Question

A cylindrical specimen of a hypothetical metal alloy is stressed in compression. If its original and final diameters are 30.00 and 30.04 mm, respectively, and its final length is 105.20 mm, compute its original length if the deformation is totally elastic.

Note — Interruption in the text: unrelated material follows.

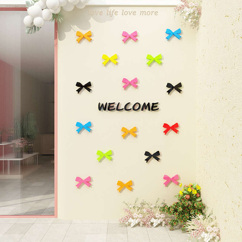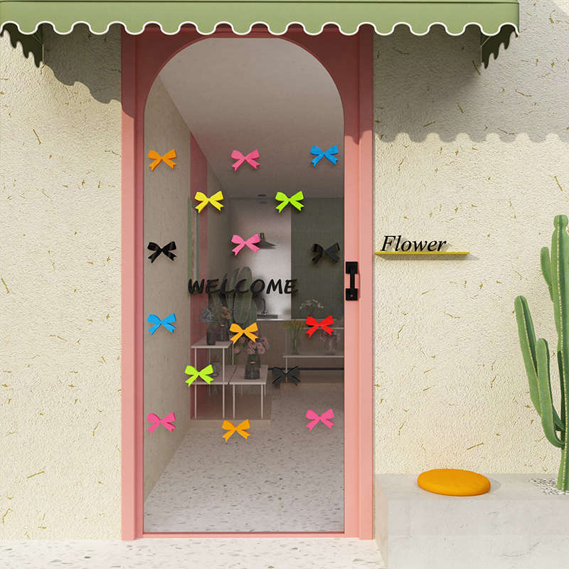 网红打卡拍照区布置奶茶店墙壁面装饰咖啡厅馆背景蝴蝶结玻璃贴纸

The elastic and shear moduli for this alloy are 65.5 and 25.4 GPa, respectively.

Answer 1

Answer:

The original length of the specimen $l_{o} = 104.7 mm$

Explanation:

Original diameter $d_{o}$ = 30 mm

Final diameter $d_{1}$ = 30.04 mm

Change in diameter Δd = 0.04 mm

Final length $l_{1}$ = 105.20 mm

Elastic modulus E = 65.5 G pa = 65.5 × $10^{3}$ M pa

Shear modulus G = 25.4 G pa = 25.4 × $10^{3}$ M pa

We know that the relation between the shear modulus & elastic modulus is given by

$G = \frac{E}{2(1 + \mu)}$

$25.5 = \frac{65.5}{2 (1 + \mu)}$

$\mu = 0.28$

This is the value of possion's ratio.

We know that the possion's ratio is given by

$\mu = \frac{\frac{0.04}{30} }{\frac{change \ in \ length}{l_{o} } }$

${\frac{change \ in \ length}{l_{o} } = \frac{\frac{0.04}{30} }{0.28}$

${\frac{change \ in \ length}{l_{o} } =$ 0.00476

$\frac{l_{1} - l_{o} }{l_{o} } = 0.00476$

$\frac{l_{1} }{l_{o} } = 1.00476$

Final length $l_{o}$ = 105.2 m

Original length

$l_{o} = \frac{105.2}{1.00476}$

$l_{o} = 104.7 mm$

This is the original length of the specimen.